> [TASK PROMPT]:
Starting at the line that contains "池州市供水有限公司2024年第三次招聘資格審查結(jié)果公告 | |", repeat each line of the listing below through the last one, exactly, and leave out every picture.

··· RAW DATA ···

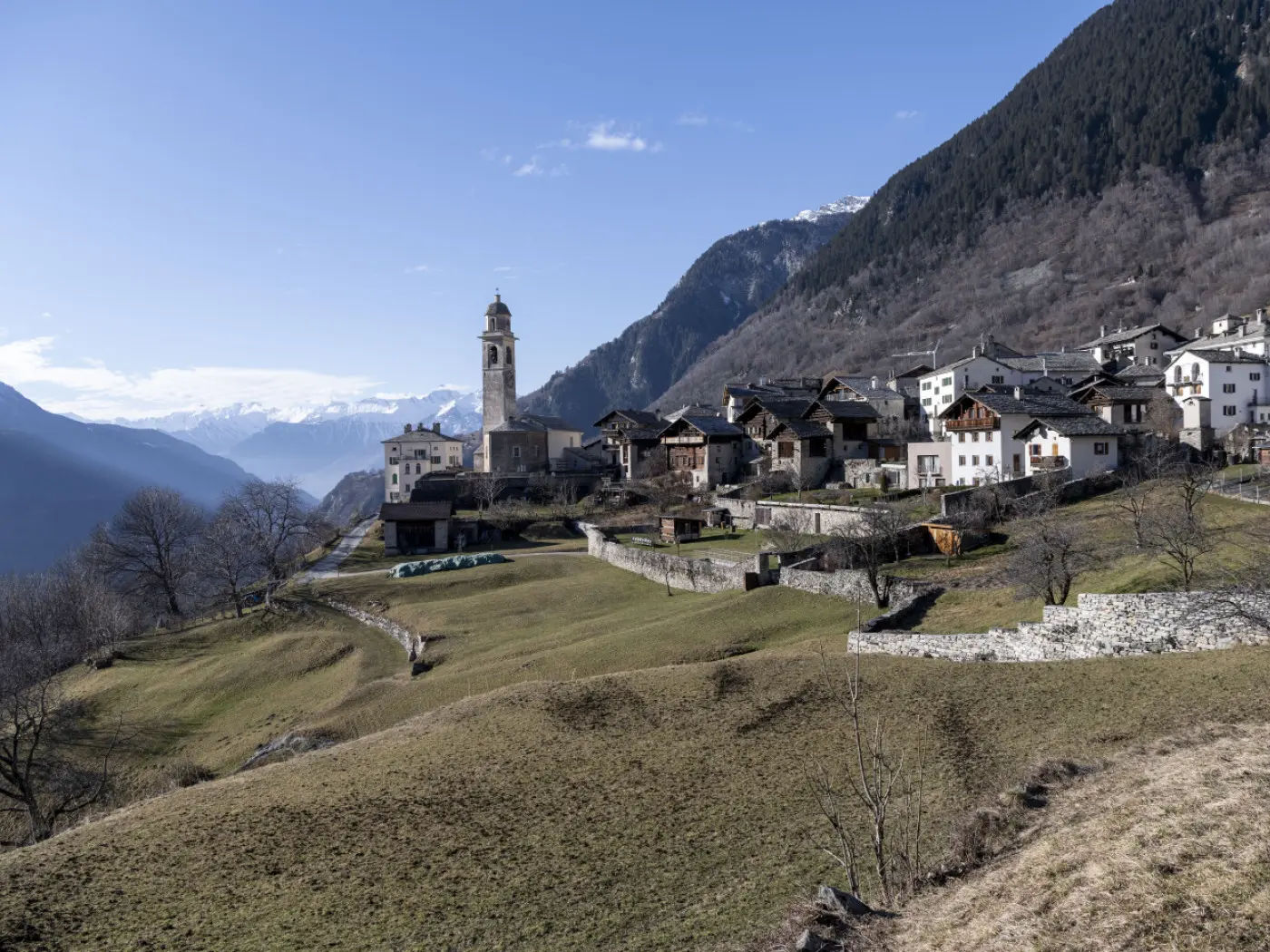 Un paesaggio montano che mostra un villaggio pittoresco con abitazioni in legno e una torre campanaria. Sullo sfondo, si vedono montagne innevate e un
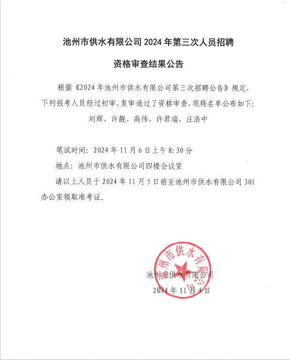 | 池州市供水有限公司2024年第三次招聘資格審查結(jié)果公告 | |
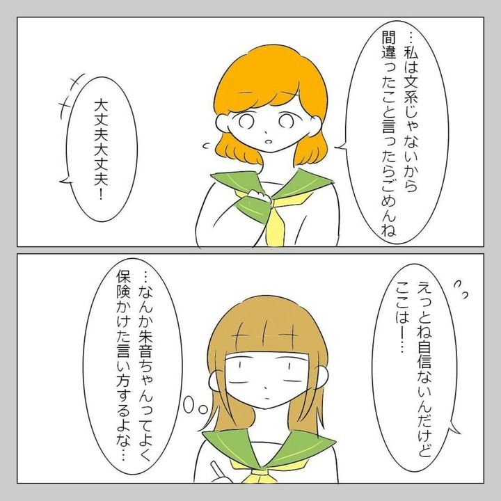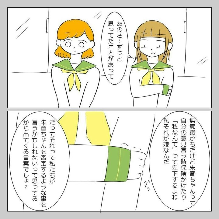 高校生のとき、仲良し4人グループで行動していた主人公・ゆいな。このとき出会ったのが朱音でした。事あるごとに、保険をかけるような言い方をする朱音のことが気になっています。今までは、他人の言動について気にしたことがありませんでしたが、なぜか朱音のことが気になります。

···

> [REPLY TO THE TASK]:
 | 池州市供水有限公司2024年第三次招聘資格審查結(jié)果公告 | |
 高校生のとき、仲良し4人グループで行動していた主人公・ゆいな。このとき出会ったのが朱音でした。事あるごとに、保険をかけるような言い方をする朱音のことが気になっています。今までは、他人の言動について気にしたことがありませんでしたが、なぜか朱音のことが気になります。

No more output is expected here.